Lets show the first image and respective bounding box annotations

The raw Image:

imshow(images[0])
../_images/279f855c4b71d3b682024b56f0d46bf84992b3245d05e736933d6912d63da1d3.png

The respective bounding box annotations

imshow_bboxes(images[0], boxes[0])
../_images/0782066a138351560292ef6e7b49b0737a33c03b63581a3aeec4e31a925cd54e.png

Lets show some additional informatiion as e.g. class id, track_id and scores

imshow_bboxes(images[0], boxes[0], class_ids = classes[0], scores = scores[0], track_ids = tracks[0])
../_images/51a23b751b52e7955d644082f1f091541f21f2bcf4007c795684b283bcf27e44.png

Note that the first number denotes the classs id, the second the track id and the last one the confidence score in %. We can map the class ids to names by providing a mapping to the visualization function

imshow_bboxes(images[0], boxes[0], class_ids = classes[0], scores = scores[0], track_ids = tracks[0], class_id_mapping = {1 : "Human", 51: "Pan"})
../_images/bdc5a66994a73eb35ea186831d3069b17e101a537b95dbbece9068004cfce676.png

Now lets only visualize the top 3 bounding boxes with highest score

imshow_topk_bboxes(images[0], boxes[0], topk = 3, class_ids = classes[0], scores = scores[0], track_ids = tracks[0], class_id_mapping = {1 : "Human", 51: "Pan"})
../_images/f3cd3dd959dba28fa916f11999cbc7ff96b7911b647fc1523aeb50983a9119f9.png

Segmentation Masks

Finally, lets also visualize some segmentation masks

with open("data/mask_data.pkl", "rb") as f:
    testcase_in = pickle.load(f)

    images = [e["img"] for e in testcase_in]
    masks = [np.stack(e["masks"]) for e in testcase_in]
    class_ids = [np.stack(e["class_id"]) for e in testcase_in]

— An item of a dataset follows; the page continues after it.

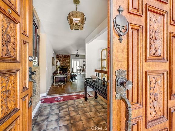 As you walk up the driveway to this lovely home, you are greeted by the flowers and a welcoming fountain in the garden. As you step onto the front porch, you notice the carved Philippine Mahogany doors also present and Philippine Mahogany cabinets throughout the home. Inside, you are on a raised formal tiled entry; step down onto the newly installed pine plank wood floors as you walk through the formal living room with Plantation Shutters staged in the former owner's personal furnishings and a game table area. In the kitchen, you will notice Granite Counters, tile backsplash, Limestone flooring, a good-sized breakfast bar, a Refrigerator, a trash compactor, and a Microwave in addition to the gas stove, oven, and dishwasher. A nice family room with a brick front fireplace for the cooler nights leads into a room added for a formal dining room on a tile floor. Two nice-sized bedrooms, a large primary bedroom on all hardwood floors, and two full baths. The primary bedroom overlooks the patio and terraced rear yard. A real bonus is the 3-car garage, with the 3rd car portion finished and carpeted to be used as a good-sized home office. Laundry in the garage with loads of cabinets for additional storage. Stop by and see this great opportunity in a lovely neighborhood soon.

print(f"Loaded {len(images)} with {[len(m) for m in masks]} masks each.")
Loaded 2 with [14, 19] masks each.
imshow_masks(images[1], masks[1], class_ids = class_ids[1])
../_images/e4acbbcb33163ad669334c4b32fca1cd4a886028cf79b540b2b2c46aff035868.png

Combine Masks and Bounding Boxes

We can also compose both visualization methods by using the draw functionality:

img = draw_masks(images[1], masks[1], class_ids = class_ids[1])
img = draw_bboxes(img, boxes[0], class_ids = classes[0], scores = scores[0], track_ids = tracks[0], class_id_mapping = {1 : "Human", 51: "Pan"})
imshow(img)
../_images/d36808857cd8d34777de908849f05b50a4419b91a530410cdb67132f93aeea85.png

Tracking Matches

Lets show matching bounding boxes one by one which were assigned by their track ids

with open("data/draw_bbox_with_cts.pkl", "rb") as f:
    testcase_gt = pickle.load(f)

images: list[NDArrayF64] = testcase_gt["imgs"]
boxes: list[NDArrayF64] = testcase_gt["boxes"]
classes: list[NDArrayI64] = testcase_gt["classes"]
scores: list[NDArrayF64] = testcase_gt["scores"]
tracks = [np.arange(len(b)) for b in boxes]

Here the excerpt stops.